TASK INSTRUCTIONS. For each record below, set it down exactly but leave out any picture.

Stored data entries.
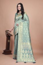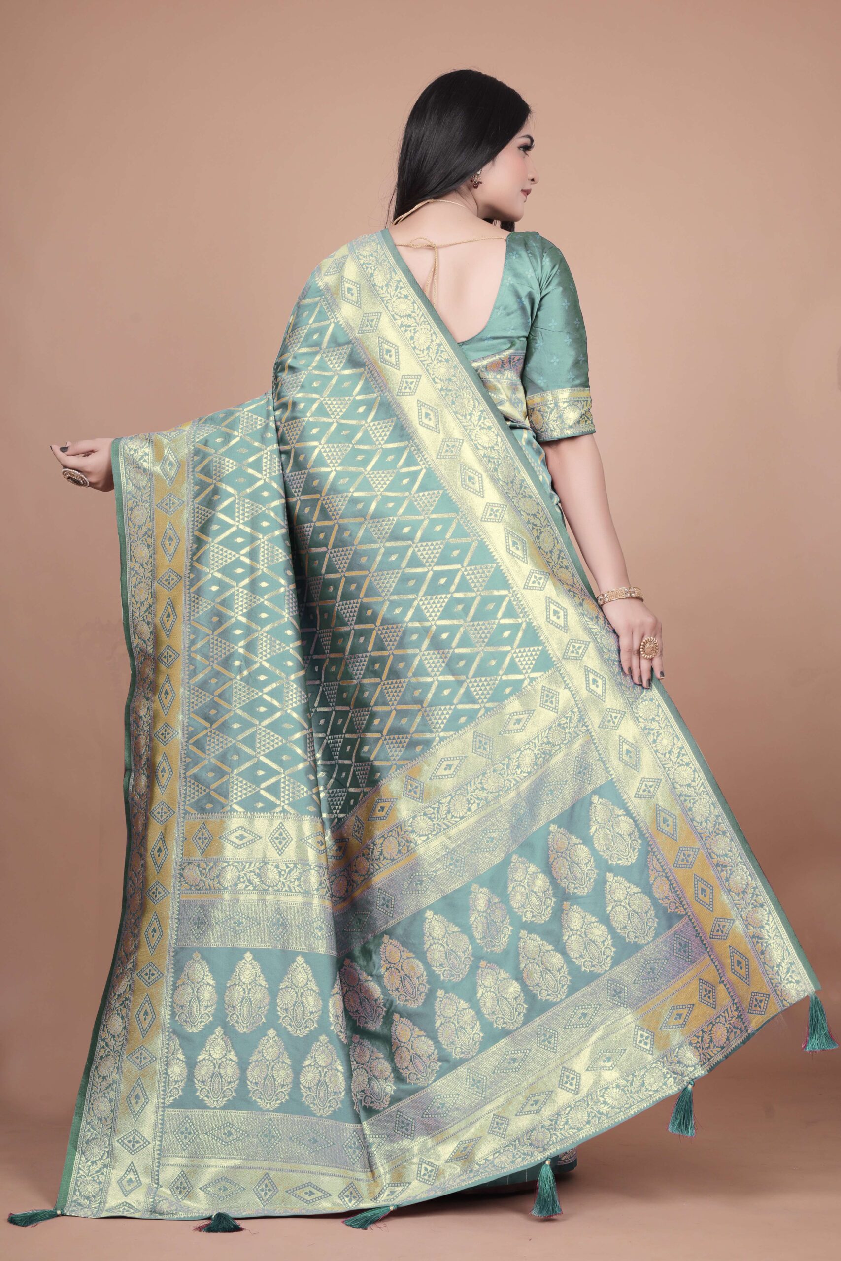 Step into the world of sophistication with this Pastel Green Banarasi Silk Saree with Golden Zari Weaving. The body of the saree is enhanced with delicate geometric diamond motifs in shimmering gold, symbolizing timeless artistry.
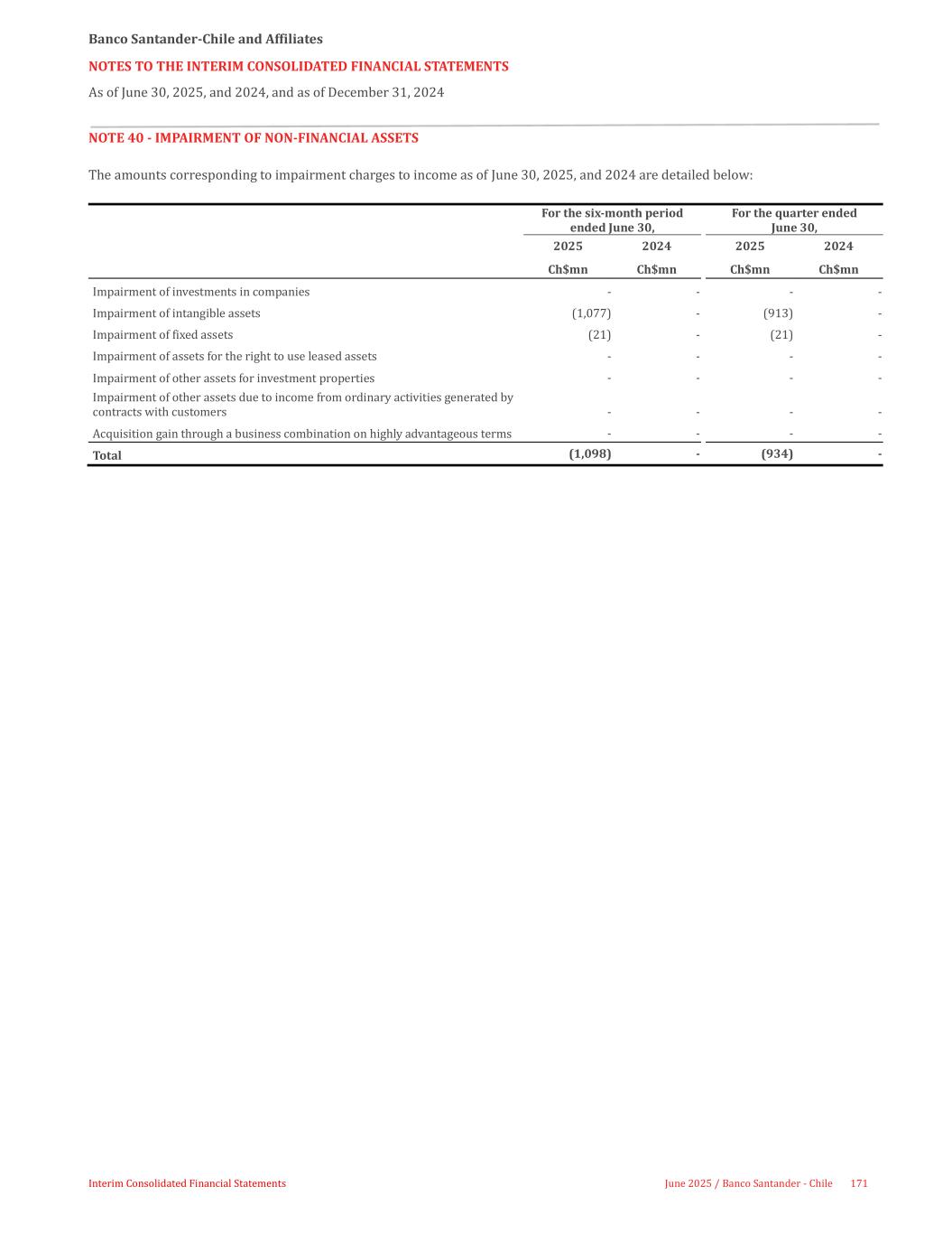 Banco Santander-Chile and Affiliates NOTES TO THE INTERIM CONSOLIDATED FINANCIAL STATEMENTS As of June 30, 2025, and 2024, and as of December 31, 2024 Interim Consolidated Financial Statements June 2025 / Banco Santander - Chile 171 NOTE 40 - IMPAIRMENT OF NON-FINANCIAL ASSETS The amounts corresponding to impairment charges to income as of June 30, 2025, and 2024 are detailed below: For the six-month period ended June 30, For the quarter ended June 30, 2025 2024 2025 2024 Ch$mn Ch$mn Ch$mn Ch$mn Impairment of investments in companies - - - - Impairment of intangible assets (1,077) - (913) - Impairment of fixed assets (21) - (21) - Impairment of assets for the right to use leased assets - - - - Impairment of other assets for investment properties - - - - Impairment of other assets due to income from ordinary activities generated by contracts with customers - - - - Acquisition gain through a business combination on highly advantageous terms - - - - Total (1,098) - (934) -
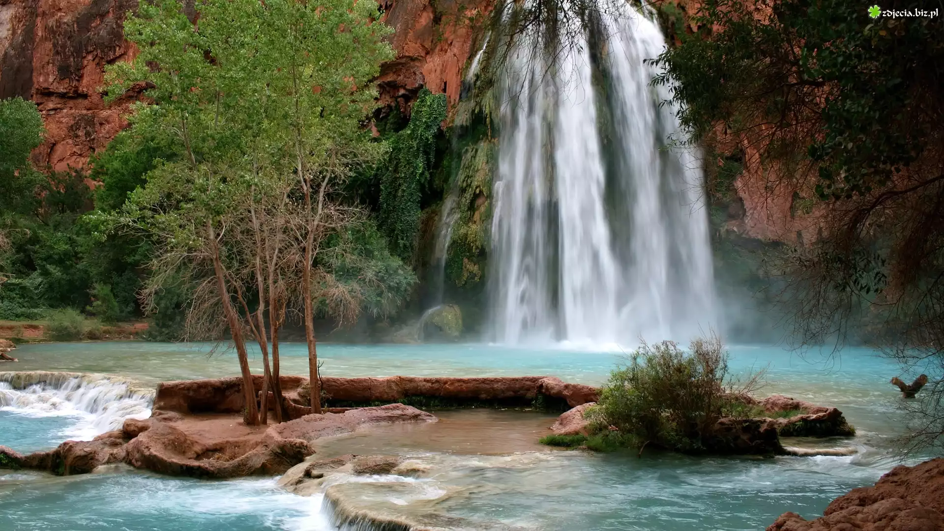 Zdjęcie Wodospad, Havasu, Drzewa, Skały, Arizona
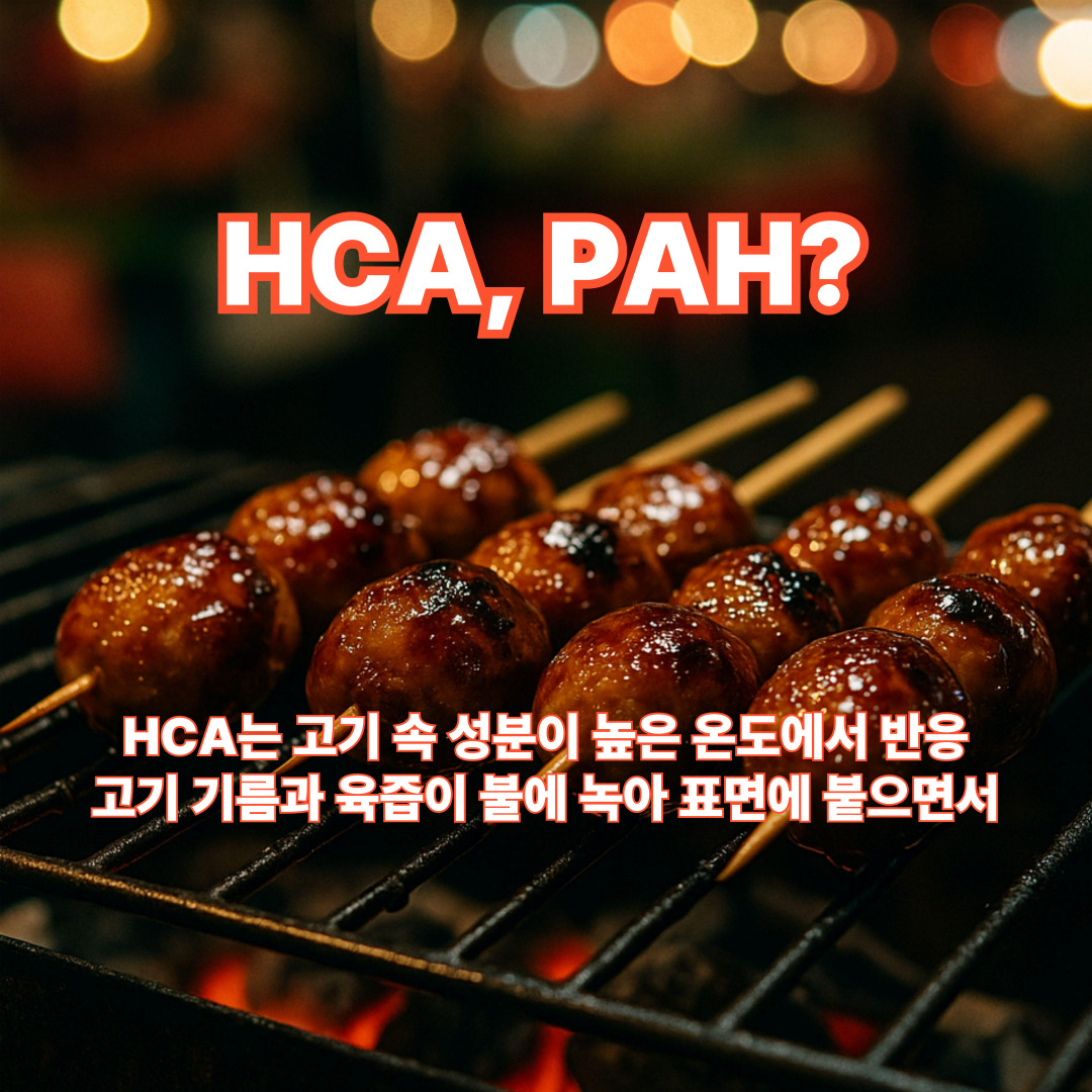 - HCA는 고기 속 아미노산, 당, 크레아틴 같은 성분이 높은 온도에서 반응하면서 생길 수 있는 물질입니다.
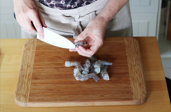 3Décongelez les crevettes puis décortiquez-les. Fendez-les sur le dos, afin de retirer le boyau central.
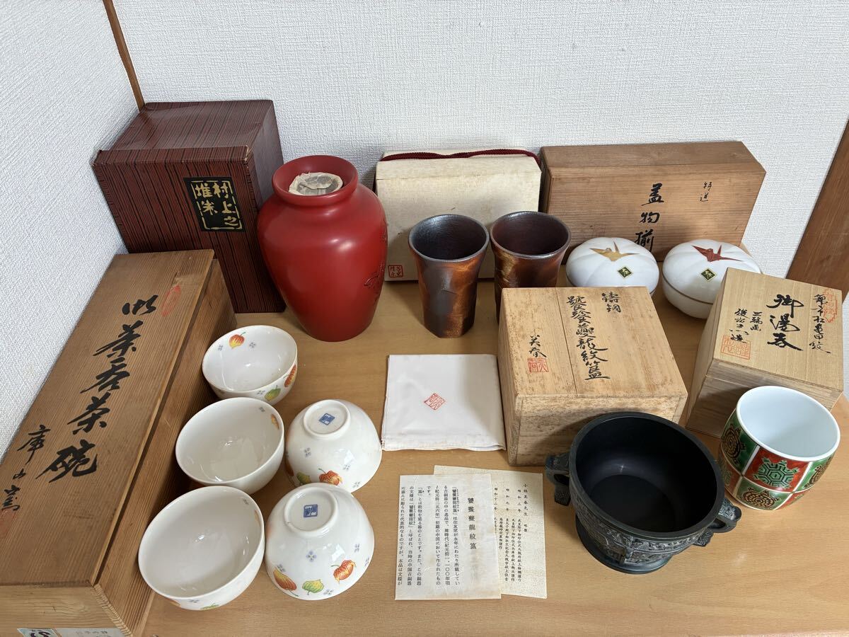 - S25112001 陶器 工芸品 有田焼 6種おまとめ 乃りたけ 若宮 蓋物揃 鶴文 備前焼 村上木彫堆朱 伝統工芸品 花瓶 深川製磁 赤絵丸紋 和食器
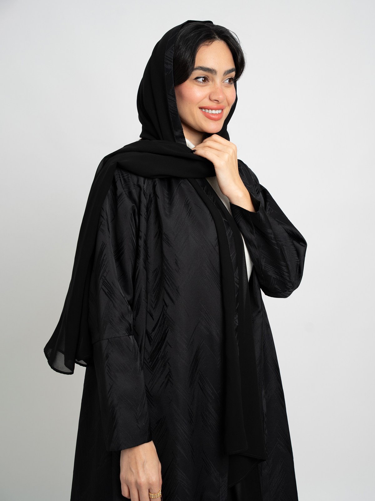Black A-Cut Jacquard Abaya
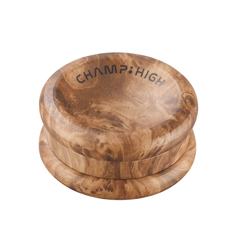 Grinder en 2 parties avec un diamètre de 50mm sans tamis à pollen qui imite à la perfection le bois mais contrairement au grinder en bois habituels, l'intérieur de celui-ci est entièrement en métal.
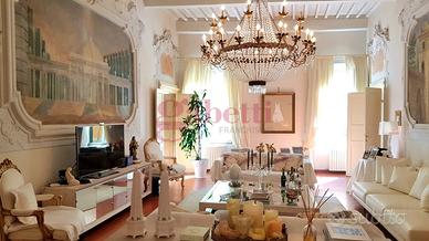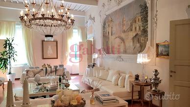 SANT'ANTONIO: Suggestivo e sontuoso appartamento con finiture d'epoca quali stucchi originali del 1600 ed affreschi del 1700, posto al piano nobile di palazzo storico nel centro della città. L'immobile, di ampia metratura, internamente si compone di ampio ingresso tradizionale dal quale si può accedere alla sala da pranzo e all'ampio salone di rappresentanza con soffitti di 4,50mt ed affreschi. Dalla sala da pranzo ci spostiamo alla cucina abitabile con dispensa ed un comodo terrazzino abitabile; la zona notte si compone di un disimpegno, tre camere da letto matrimoniali di cui una con bagno privato ed un altro bagno. Completa la proprietà una comoda cantina di 25mq al piano terreno con accesso diretto dalla strada.
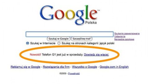 Przy pomocy linka reklamowany jest najnowszy telefon Google - G1, który wykorzystuje znaną platformę - Android. Od poniedziałku urządzenie to dostępne jest również w Polsce. Google już drugi raz decyduje się na tego typu reklamę - pierwszy raz mieliśmy okazję oglądać podobny link promocyjny po publicznym udostępnieniu przeglądarki Chrome.
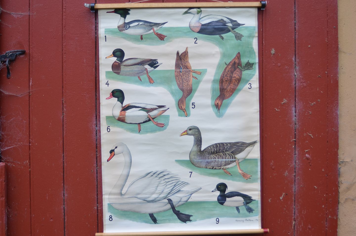 Anskuelsestavle med træstokke: Svømmefugle, Billedmål: 66 x 93 cm, (anskuelsestavle nr. 9)

TASK RESPONSE.
 Step into the world of sophistication with this Pastel Green Banarasi Silk Saree with Golden Zari Weaving. The body of the saree is enhanced with delicate geometric diamond motifs in shimmering gold, symbolizing timeless artistry.
 Banco Santander-Chile and Affiliates NOTES TO THE INTERIM CONSOLIDATED FINANCIAL STATEMENTS As of June 30, 2025, and 2024, and as of December 31, 2024 Interim Consolidated Financial Statements June 2025 / Banco Santander - Chile 171 NOTE 40 - IMPAIRMENT OF NON-FINANCIAL ASSETS The amounts corresponding to impairment charges to income as of June 30, 2025, and 2024 are detailed below: For the six-month period ended June 30, For the quarter ended June 30, 2025 2024 2025 2024 Ch$mn Ch$mn Ch$mn Ch$mn Impairment of investments in companies - - - - Impairment of intangible assets (1,077) - (913) - Impairment of fixed assets (21) - (21) - Impairment of assets for the right to use leased assets - - - - Impairment of other assets for investment properties - - - - Impairment of other assets due to income from ordinary activities generated by contracts with customers - - - - Acquisition gain through a business combination on highly advantageous terms - - - - Total (1,098) - (934) -
 Zdjęcie Wodospad, Havasu, Drzewa, Skały, Arizona
 - HCA는 고기 속 아미노산, 당, 크레아틴 같은 성분이 높은 온도에서 반응하면서 생길 수 있는 물질입니다.
 3Décongelez les crevettes puis décortiquez-les. Fendez-les sur le dos, afin de retirer le boyau central.
 - S25112001 陶器 工芸品 有田焼 6種おまとめ 乃りたけ 若宮 蓋物揃 鶴文 備前焼 村上木彫堆朱 伝統工芸品 花瓶 深川製磁 赤絵丸紋 和食器
Black A-Cut Jacquard Abaya
 Grinder en 2 parties avec un diamètre de 50mm sans tamis à pollen qui imite à la perfection le bois mais contrairement au grinder en bois habituels, l'intérieur de celui-ci est entièrement en métal.
 SANT'ANTONIO: Suggestivo e sontuoso appartamento con finiture d'epoca quali stucchi originali del 1600 ed affreschi del 1700, posto al piano nobile di palazzo storico nel centro della città. L'immobile, di ampia metratura, internamente si compone di ampio ingresso tradizionale dal quale si può accedere alla sala da pranzo e all'ampio salone di rappresentanza con soffitti di 4,50mt ed affreschi. Dalla sala da pranzo ci spostiamo alla cucina abitabile con dispensa ed un comodo terrazzino abitabile; la zona notte si compone di un disimpegno, tre camere da letto matrimoniali di cui una con bagno privato ed un altro bagno. Completa la proprietà una comoda cantina di 25mq al piano terreno con accesso diretto dalla strada.
 Przy pomocy linka reklamowany jest najnowszy telefon Google - G1, który wykorzystuje znaną platformę - Android. Od poniedziałku urządzenie to dostępne jest również w Polsce. Google już drugi raz decyduje się na tego typu reklamę - pierwszy raz mieliśmy okazję oglądać podobny link promocyjny po publicznym udostępnieniu przeglądarki Chrome.
 Anskuelsestavle med træstokke: Svømmefugle, Billedmål: 66 x 93 cm, (anskuelsestavle nr. 9)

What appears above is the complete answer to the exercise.